== DATA FOR THE TASK

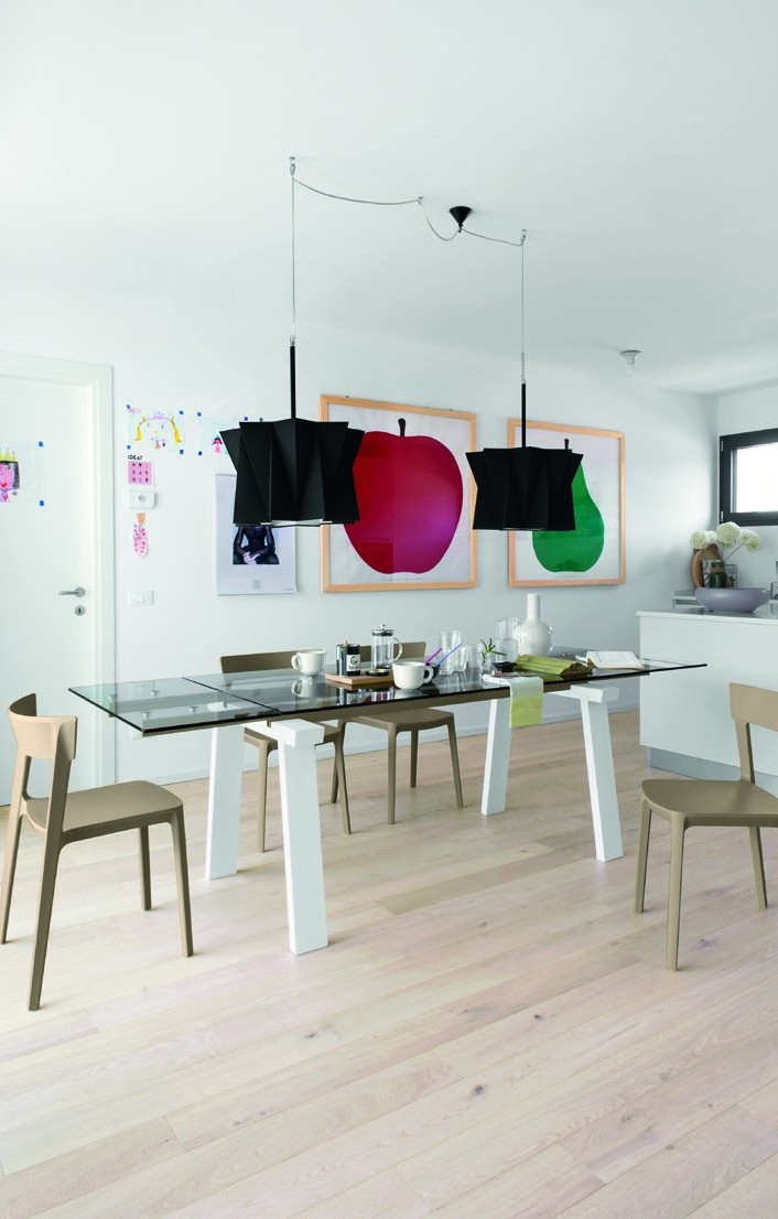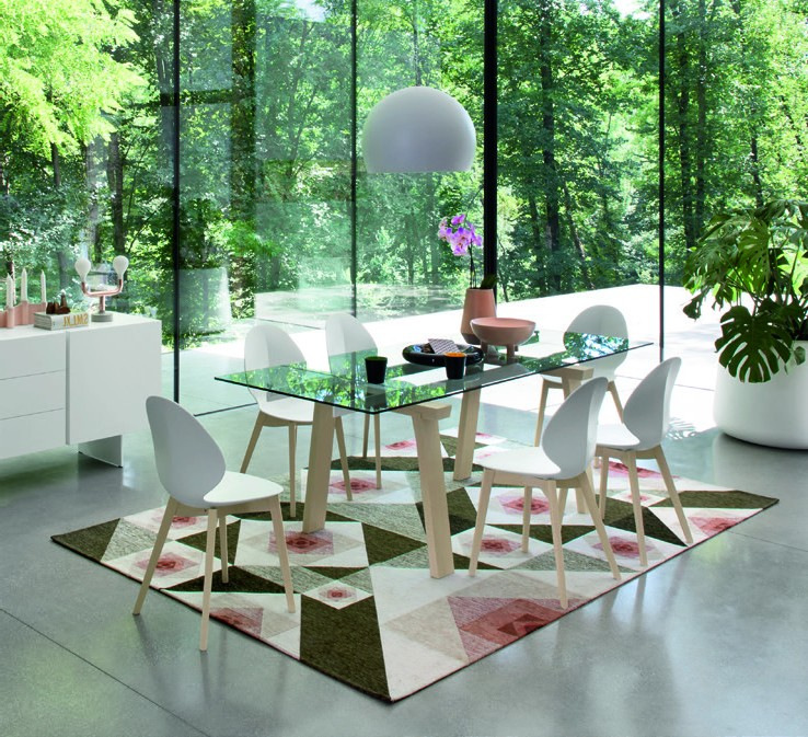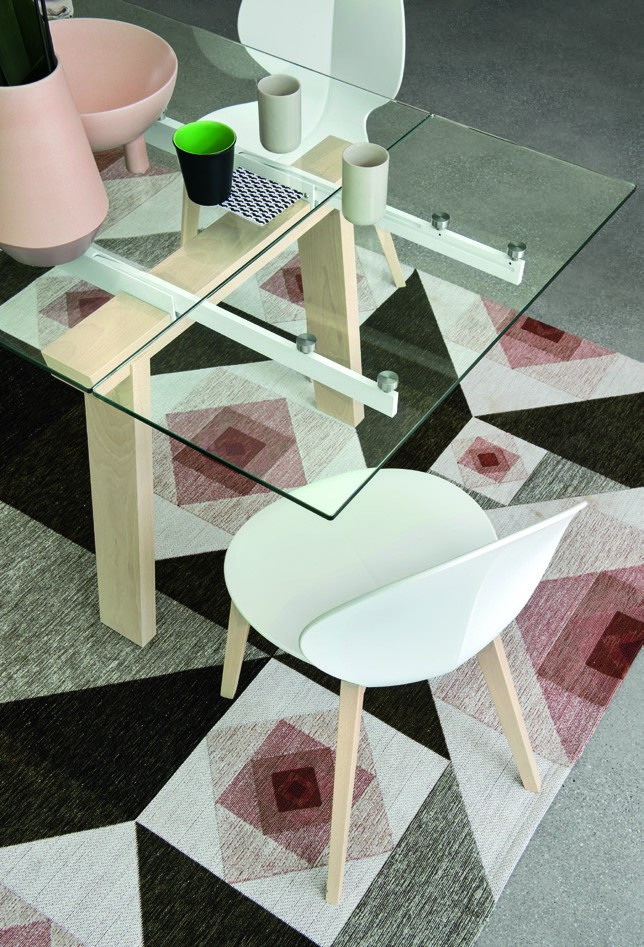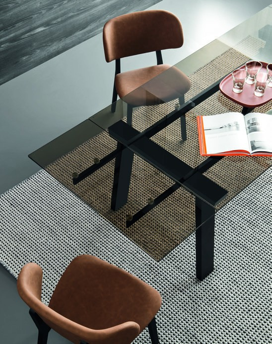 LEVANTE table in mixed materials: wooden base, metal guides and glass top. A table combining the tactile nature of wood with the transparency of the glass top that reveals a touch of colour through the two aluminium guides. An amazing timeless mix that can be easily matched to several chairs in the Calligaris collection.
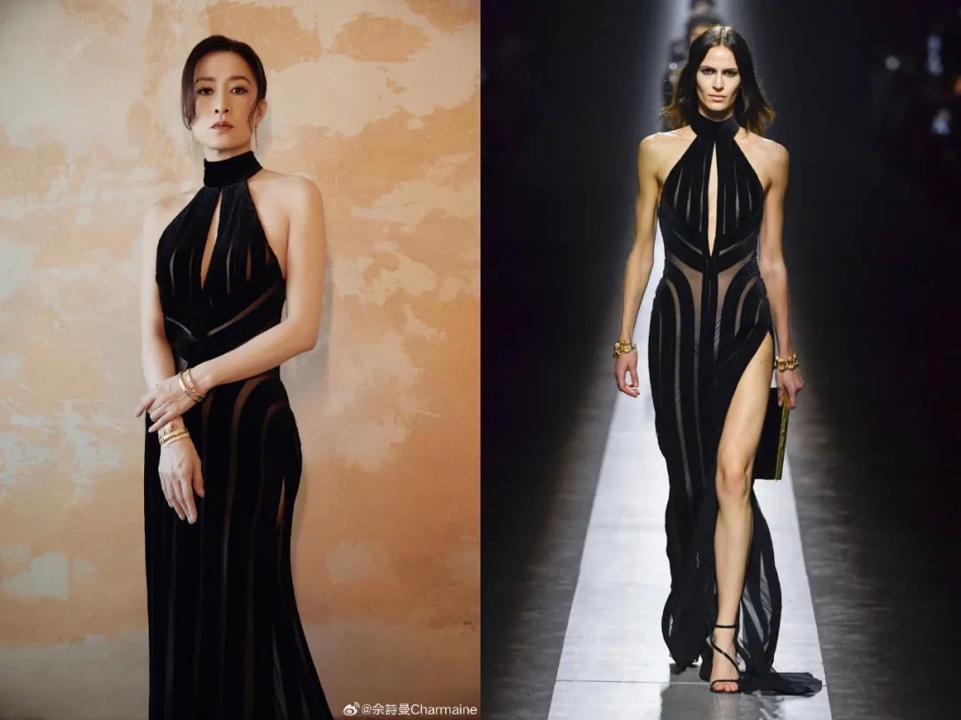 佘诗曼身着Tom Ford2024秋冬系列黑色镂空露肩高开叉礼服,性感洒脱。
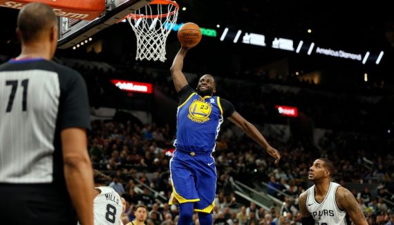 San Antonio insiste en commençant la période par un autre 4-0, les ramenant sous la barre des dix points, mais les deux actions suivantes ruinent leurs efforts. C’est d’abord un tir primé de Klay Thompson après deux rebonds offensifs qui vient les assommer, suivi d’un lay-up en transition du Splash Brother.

====
== DATA FOR THE TASK

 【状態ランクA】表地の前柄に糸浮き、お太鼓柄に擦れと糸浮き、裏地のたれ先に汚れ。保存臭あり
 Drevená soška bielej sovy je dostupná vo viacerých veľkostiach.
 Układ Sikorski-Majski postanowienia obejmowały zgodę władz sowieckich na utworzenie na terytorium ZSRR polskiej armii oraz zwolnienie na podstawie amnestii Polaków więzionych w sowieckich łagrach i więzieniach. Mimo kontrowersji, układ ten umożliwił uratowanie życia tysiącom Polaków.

====

EXERCISE REQUIREMENTS:
In the entries above, one line contains "Drevená soška bielej" and another contains "Układ Sikorski-Majski postanowienia". Reproduce exactly those two lines and the lines between them, nothing else.

OUTPUT BELOW:
 Drevená soška bielej sovy je dostupná vo viacerých veľkostiach.
 Układ Sikorski-Majski postanowienia obejmowały zgodę władz sowieckich na utworzenie na terytorium ZSRR polskiej armii oraz zwolnienie na podstawie amnestii Polaków więzionych w sowieckich łagrach i więzieniach. Mimo kontrowersji, układ ten umożliwił uratowanie życia tysiącom Polaków.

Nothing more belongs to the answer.